The official statement released by the hospital and midwife staff was that soaring malpractice premiums forced them to close the center. The gossip was very different: The hospital had been waging a silent battle with the midwives over ideological differences dealing with birth control, abortion counseling, the use of doulas and close scrutiny from obstetricians. Allegedly, the hospital wanted them to be under the control of the ob/gyns (and supposedly bill insurance companies via that department) instead of working as the separate entity they had been since the clinic's opening in 1975. And the last thing I heard through the grapevine was that they also allegedly had a massive tug of war over real estate. The hospital didn't want them as a standalone clinic anymore. The boardroom prevailed over the birthing room and they closed down in 2003.
And yet, as mad as I am at the hospital's mismanagers, it terrifies me to think there will be no emergency and trauma care services in the West Village.
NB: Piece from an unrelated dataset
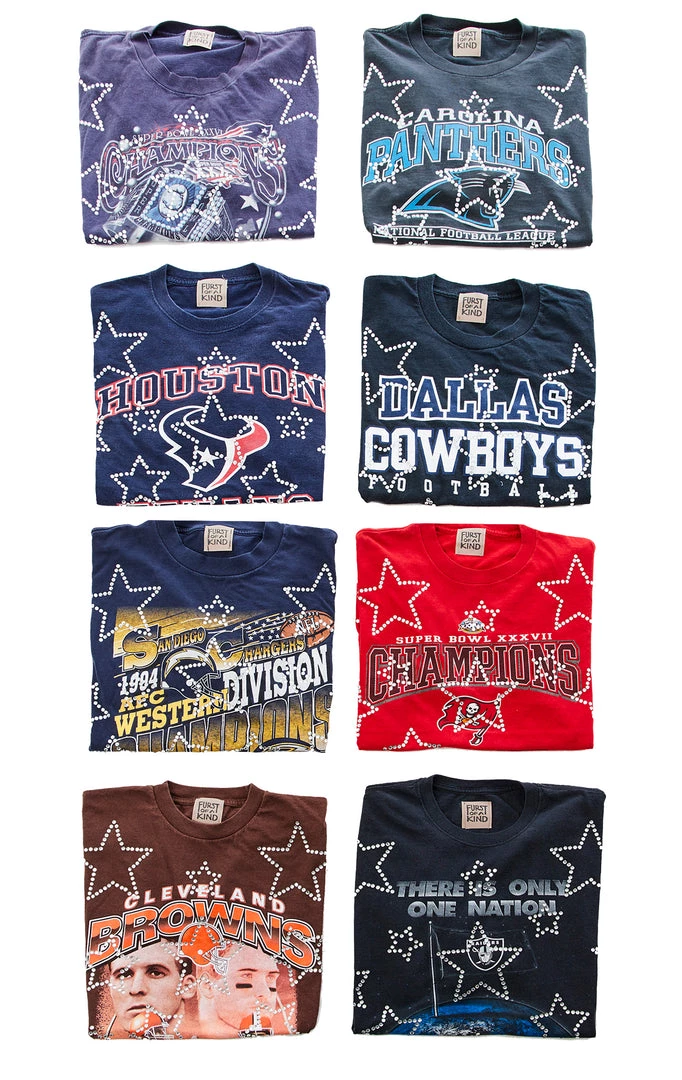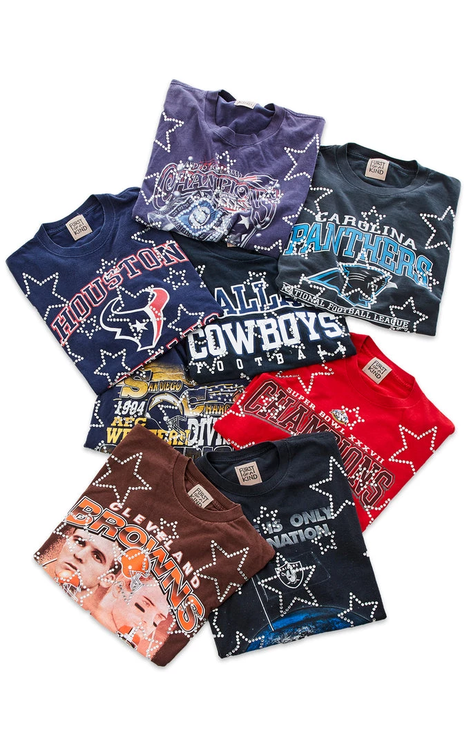 Bling on the stars. This vintage Minnesota Vikings rhinestone star outline tee was reworked and embellished just for you by Furst of a Kind. The front of this vintage NFL tee is scattered with rhinestones in a star outline pattern that is totally out of this world. Bling it on. *See t-shirt details below

In the 1990's my father was revived in their emergency room after a diabetic coma at a local restaurant. While at NYU, my own life was saved at that same emergency room after a terrible combination of anaphylactic & asthma attacks.
State Health Commissioner Richard Daine claims to be working on maintaining emergency care; but given the very apparent conflict of interest he has int he process and the callous "it's just business" comments of his spokeswoman, it would take a miracle for the city or state to do good on the community.